## [EXERCISE GOAL]
Look through the listing below for the line containing "Armoire Haute LORA". Copy it and each line after it up to and including the line containing "925 Sterling Silver", exactly, leaving out pictures.

## [DATASET]
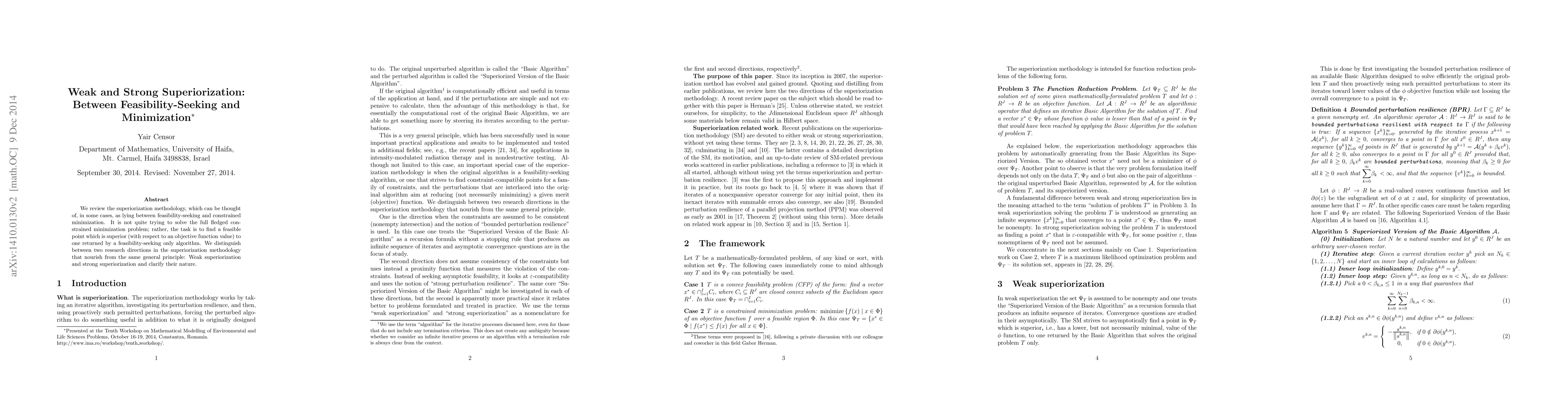 We review the superiorization methodology, which can be thought of, in some cases, as lying between feasibility-seeking and constrained minimization. It is not quite trying to solve the full fledged constrained minimization problem; rather, the task is to find a feasible point which is superior (with respect to an objective function value) to one returned by a feasibility-seeking only algorithm. We distinguish between two research directions in the superiorization methodology that nourish from the same general principle: Weak superiorization and strong superiorization and clarify their nature.
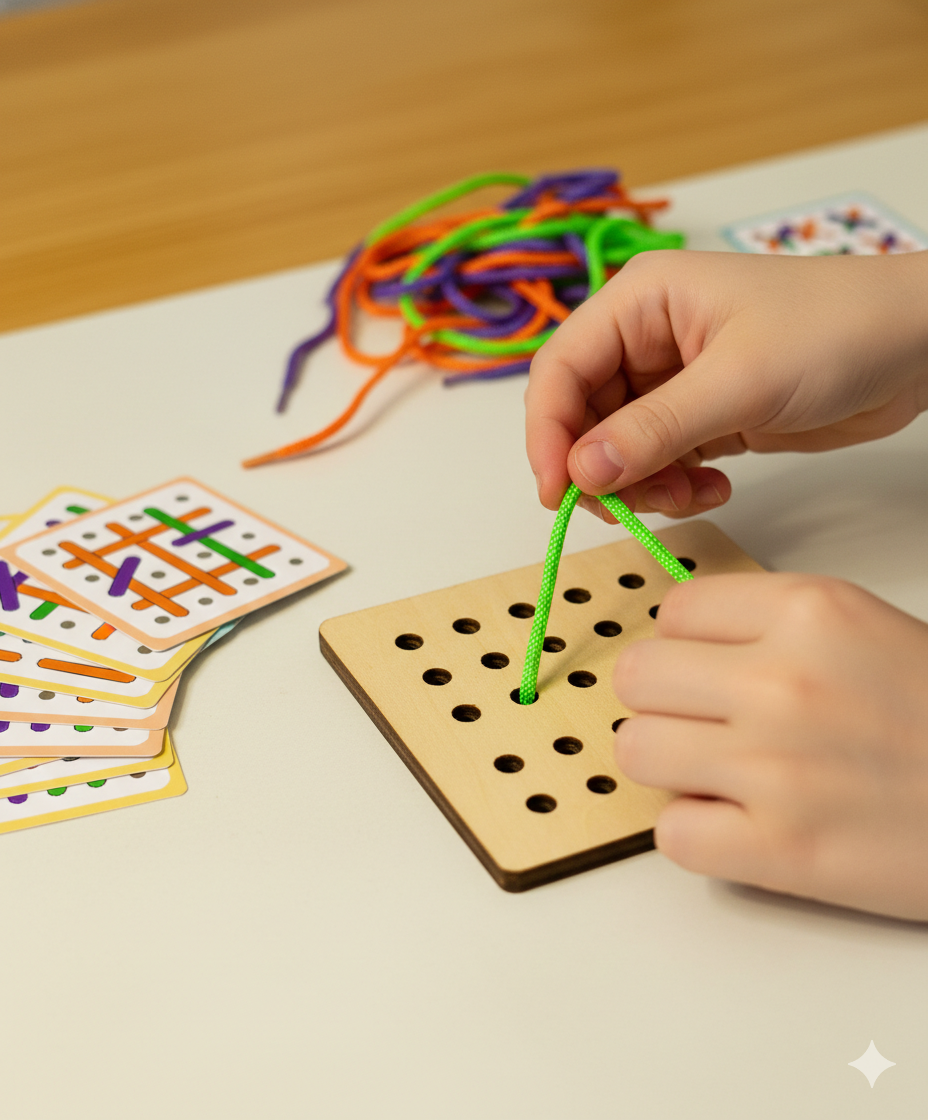- This Fun Threading Game Not Only Provides Entertainment But Also Helps Develop Fine Motor Skills In Children As They Thread The Rope Through The Holes On The Board Following Different Patterns Provided On The Cards
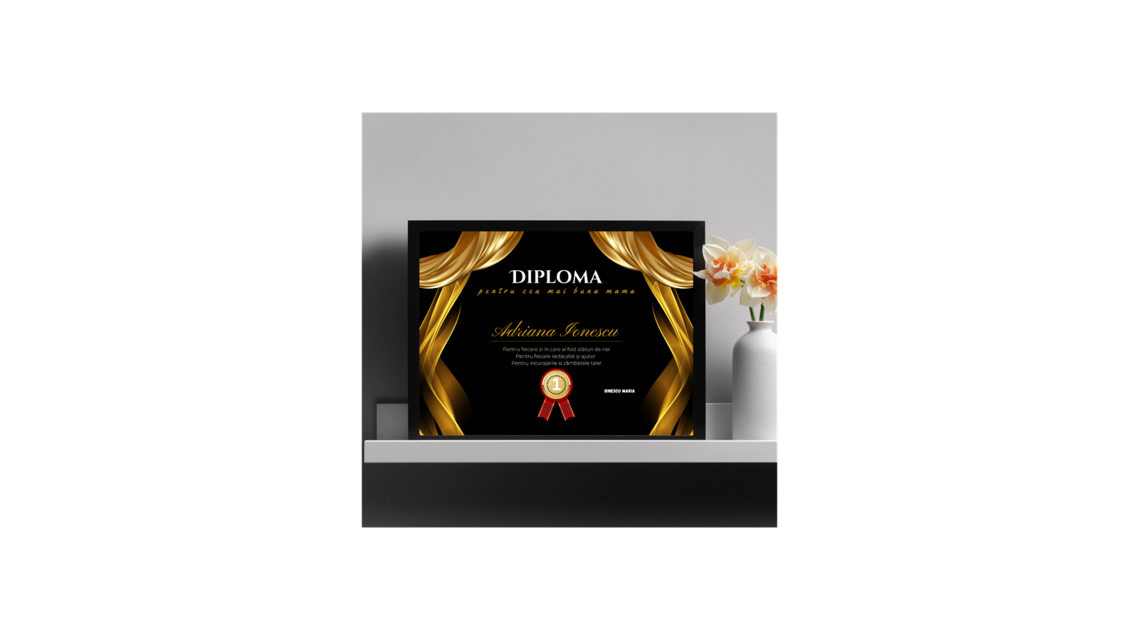 Diploma pentru cea mai buna mama.Cadou original pentru cea mai buna mama. Dimensiuni: Rama si fotografie A3 sau A4
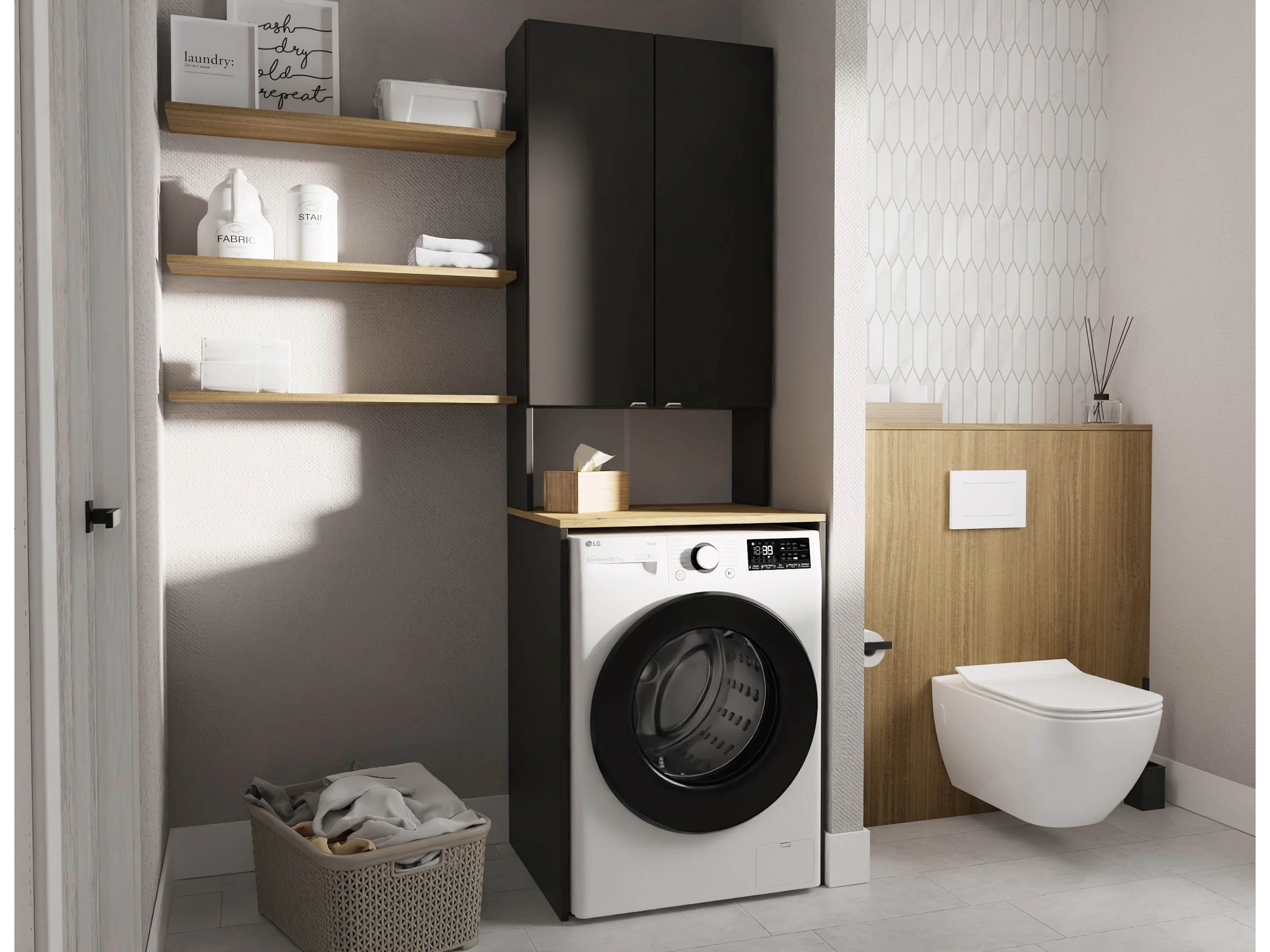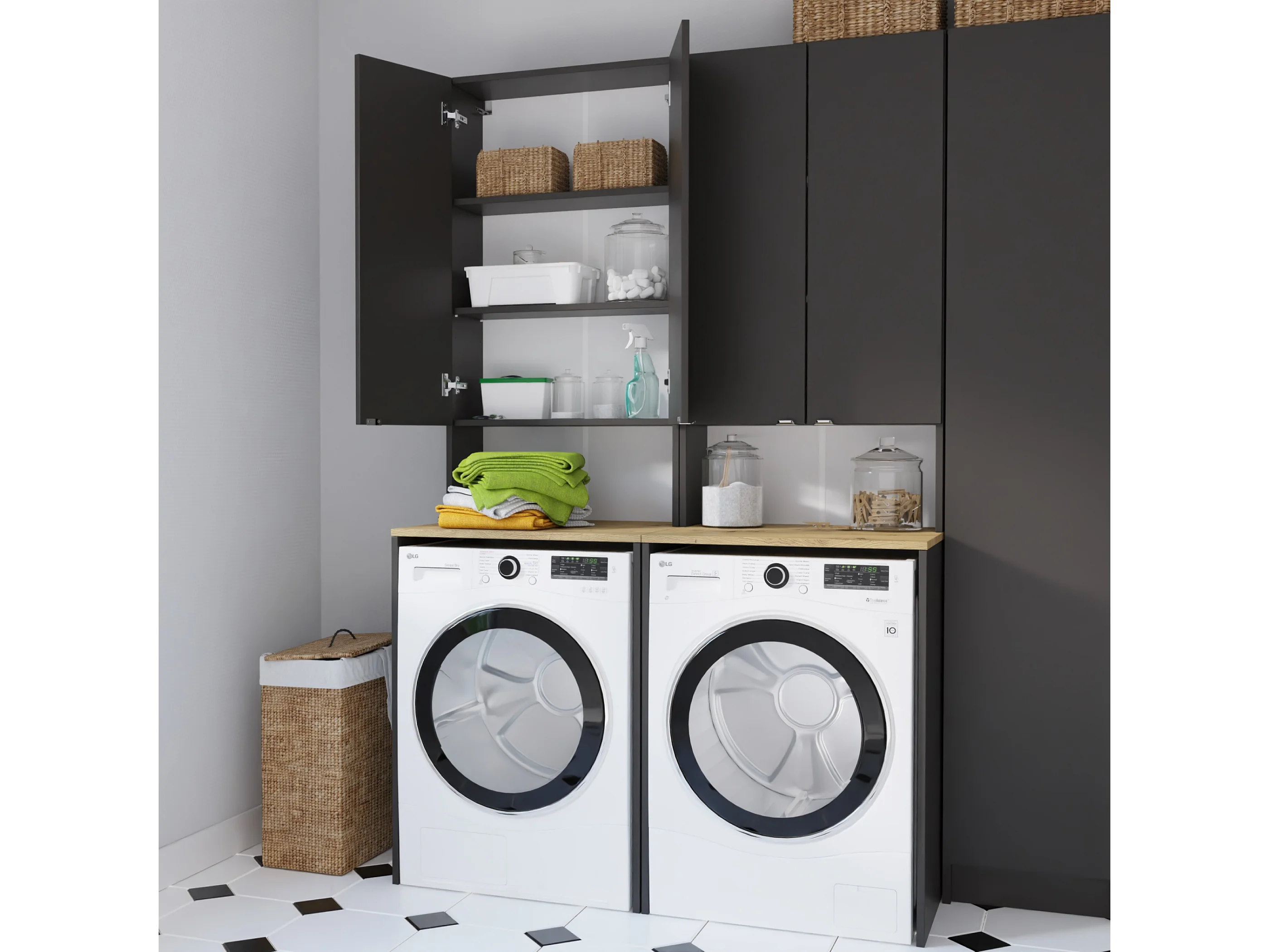 Armoire Haute LORA pour Lave-linge & Sèche-linge - 210x66x56/25 cm - Anthracite/Artisan
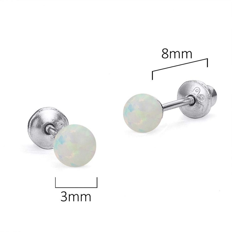 925 Sterling Silver Rhodium Plated 3mm Simulated Opal Screwback Baby Girls Earrings
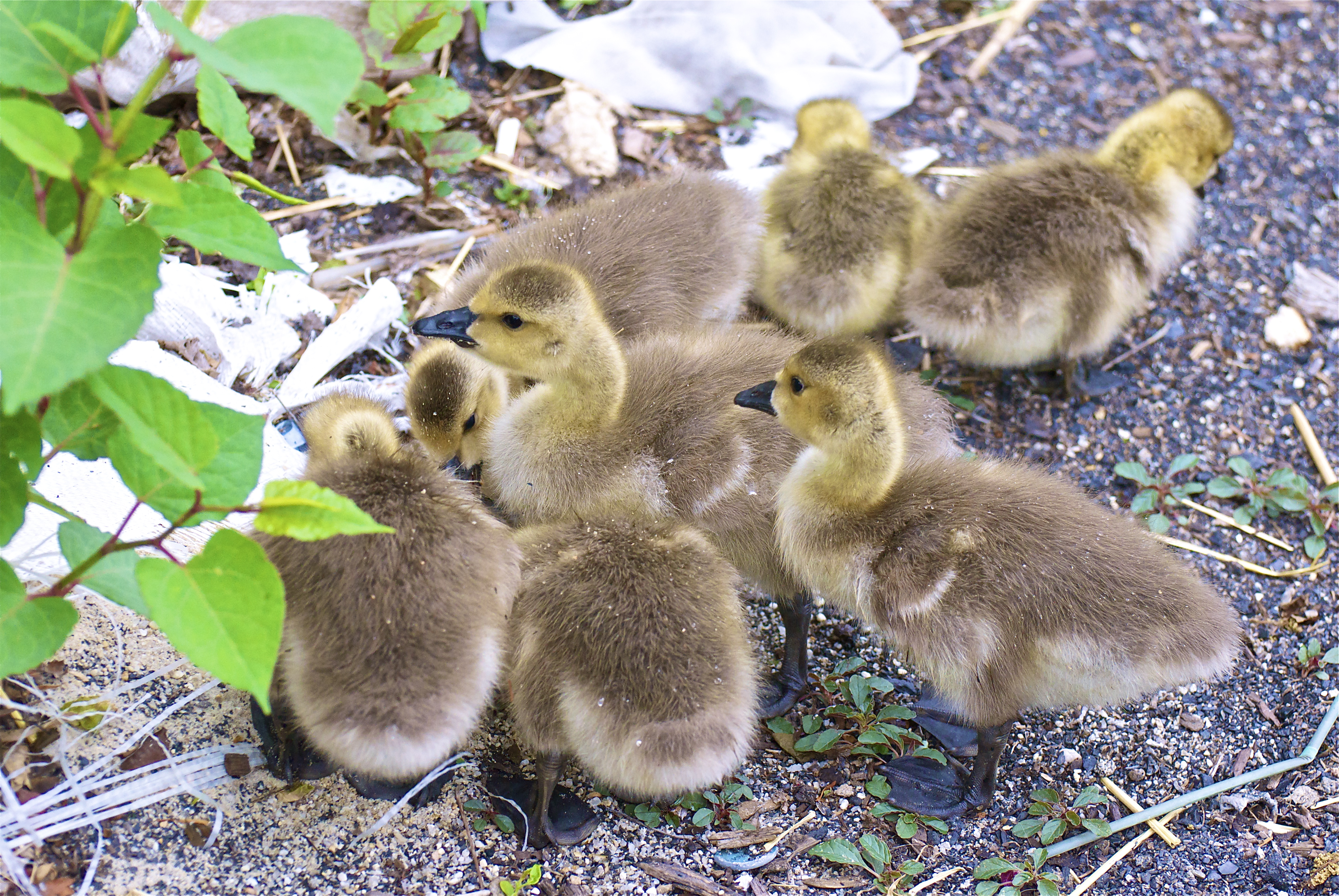 In their second year, male and female Canada geese form bonds for life and are both active parents. My local geese selected nest sites on the ground, on or around the dilapidated piers of Hoboken, New Jersey, where they hatched their young surrounded by people, litter, ferries and feral cats.

## [RESPONSE BELOW]
 Armoire Haute LORA pour Lave-linge & Sèche-linge - 210x66x56/25 cm - Anthracite/Artisan
 925 Sterling Silver Rhodium Plated 3mm Simulated Opal Screwback Baby Girls Earrings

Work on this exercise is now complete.